Start of MATERIAL TO PROCESS

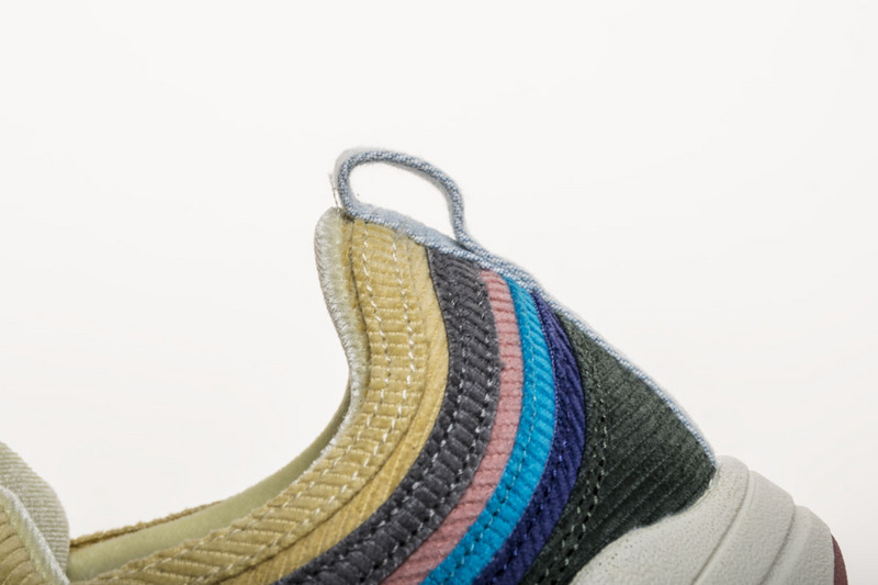 1. Vibrant Aesthetic: The Air Max 97 ‘Sean Wotherspoon’ showcases an explosion of colors, combining earthy tones with vibrant pastel shades. The distinctive corduroy upper adds a touch of texture and gives the sneaker an unrivaled vintage appeal.
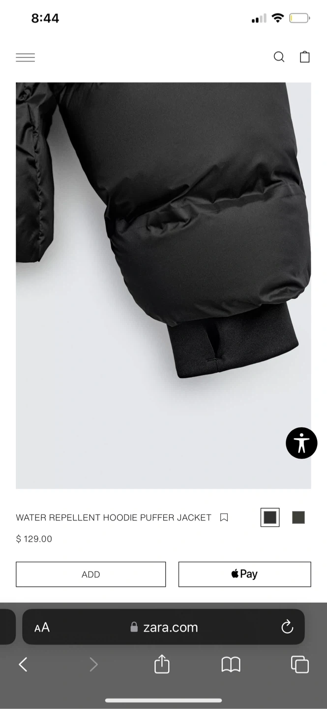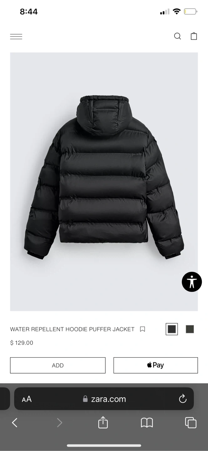 Selling a Zara puffer jacket in black. It's in perfect condition and great for the colder weather! The jacket is a size S but also fits medium. Originally bought for $129.00
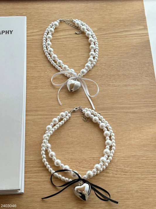 Bold Pearl Ribbon Heart Necklace
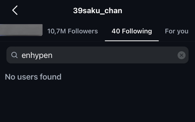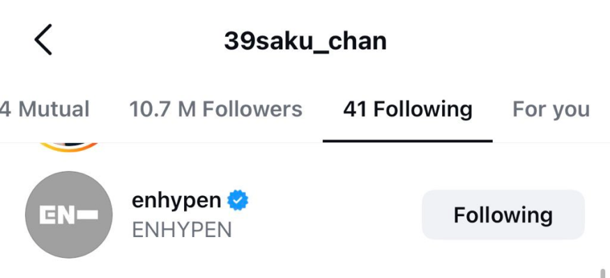 不過,截至3日,目前查看她的追蹤清單時,已無法看到「ENHYPEN」的官方帳號,似乎已經取消追蹤。這是否是無心的誤操作或是短暫性的測試行為,尚無法確定,但也因此引發了粉絲之間的諸多揣測。
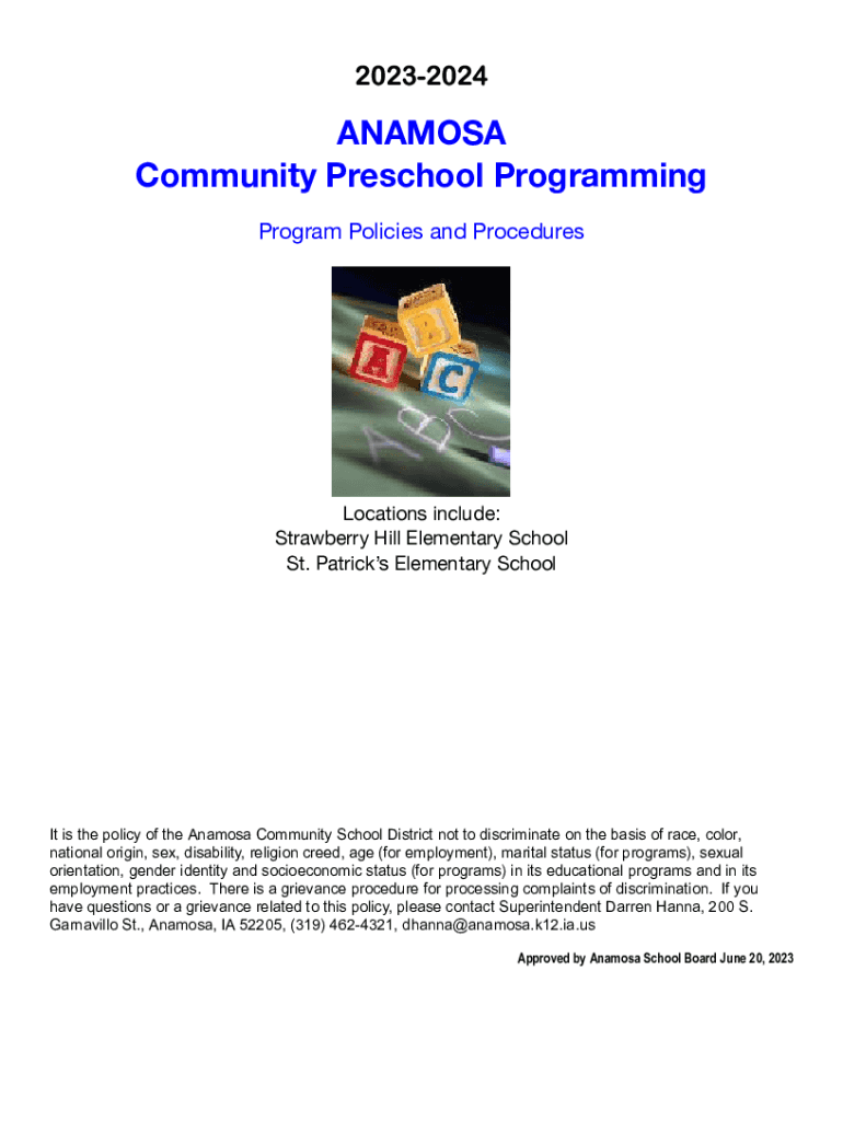20232024 SAMOSA Community Preschool Programming Program Policies and ProceduresLocations include: Strawberry Hill Elementary School St. Patrick's Elementary School It is the policy of the Samosa Community
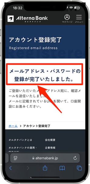 - 『アカウント登録完了』と出たら、オルタナバンクから届いたメールをチェックしてください。
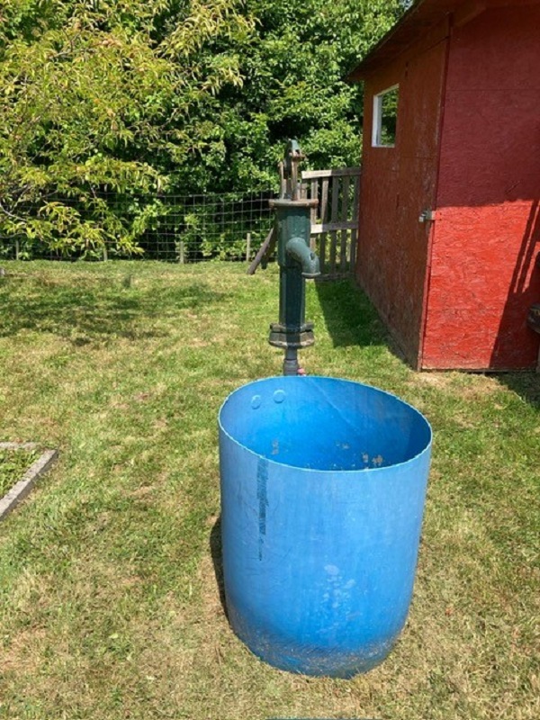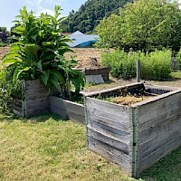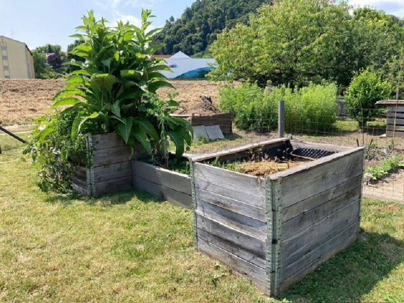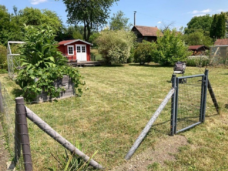 Schöner Garten mit 4 Hochbeeten und ein kleines Gartenbeet, Obstbäume.
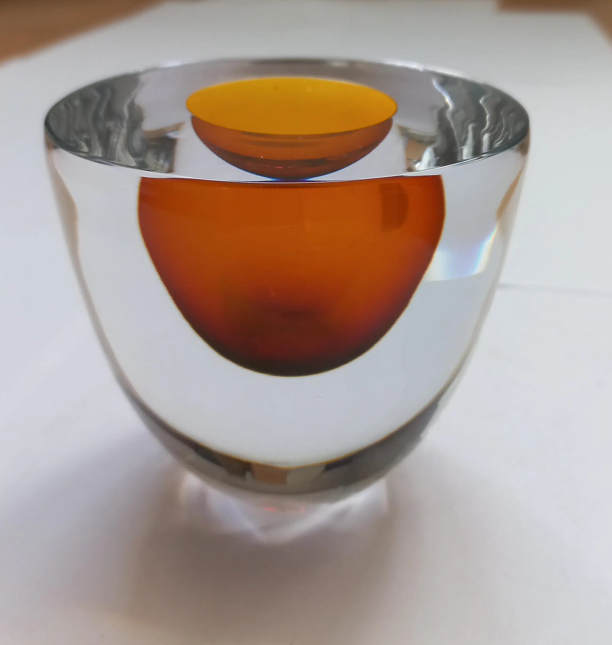 Amberkleurige multiple Oplage 5/10 Hoogte 8,8 cm, diameter 8,5 cm Met echtheidscertificaat.
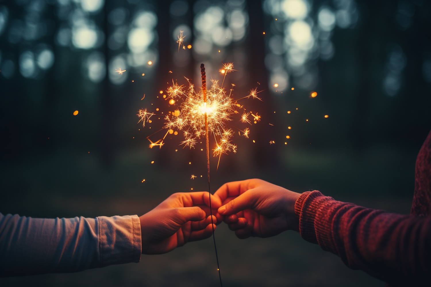 Two hands holding a lit sparkler in a dark forest, creating a warm and festive atmosphere with bright, golden sparks.
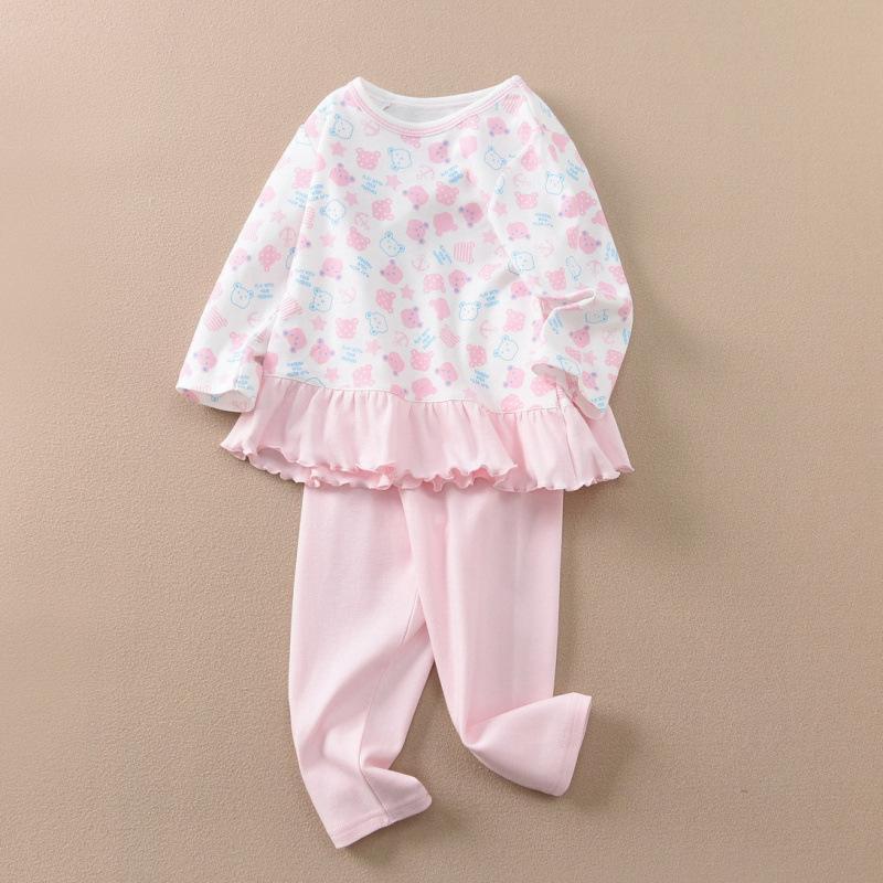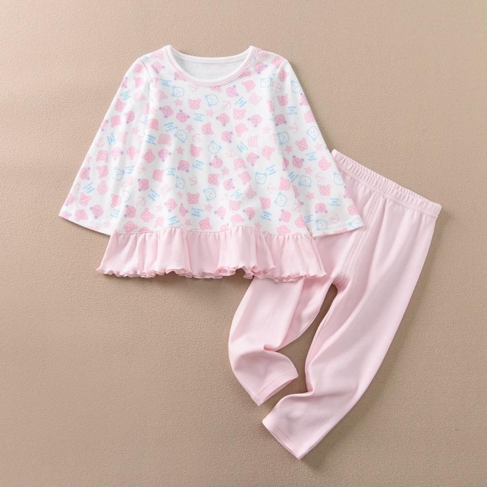 • TZ1083 코튼 울 올오버 프린트 세트 러플 핑크 베어 헤드(1세트)
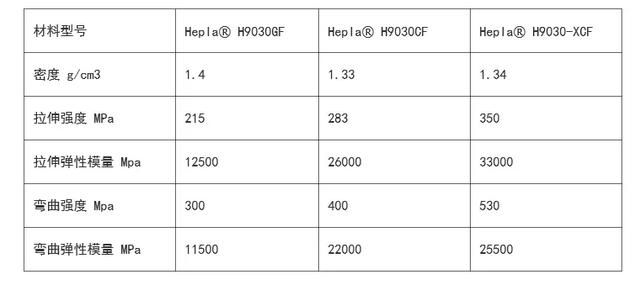 該產(chǎn)品具有優(yōu)異的機械強度與抗沖擊能力,尺寸穩(wěn)定性高、翹曲低,材料性能較進口產(chǎn)品提升30%。以高溫尼龍為基材的Hepla? H9000-XCF系列碳纖維復(fù)合材料,彎曲剛度超過52GPa,彎曲強度高達520MPa,拉伸強度達到360MPa;以PA66為基材的Hepla? H7200-XCF系列拉伸強度達到315MPa。 采用新產(chǎn)品生產(chǎn)的零部件比鋼制零部件輕75%,比鋁合金部件輕40%,可替代大部分金屬,從而為汽車輕量化及其它行業(yè)“以塑代鋼”提供更好的解決方案。

End of MATERIAL TO PROCESS

▶ EXERCISE REQUIREMENTS: Exactly as they appear, please return only the lines from the first line of the records through the line containing "不過,截至3日,目前查看她的", both included, leaving out all pictures.

▶ OUTPUT FOR THIS TASK:
 1. Vibrant Aesthetic: The Air Max 97 ‘Sean Wotherspoon’ showcases an explosion of colors, combining earthy tones with vibrant pastel shades. The distinctive corduroy upper adds a touch of texture and gives the sneaker an unrivaled vintage appeal.
 Selling a Zara puffer jacket in black. It's in perfect condition and great for the colder weather! The jacket is a size S but also fits medium. Originally bought for $129.00
 Bold Pearl Ribbon Heart Necklace
 不過,截至3日,目前查看她的追蹤清單時,已無法看到「ENHYPEN」的官方帳號,似乎已經取消追蹤。這是否是無心的誤操作或是短暫性的測試行為,尚無法確定,但也因此引發了粉絲之間的諸多揣測。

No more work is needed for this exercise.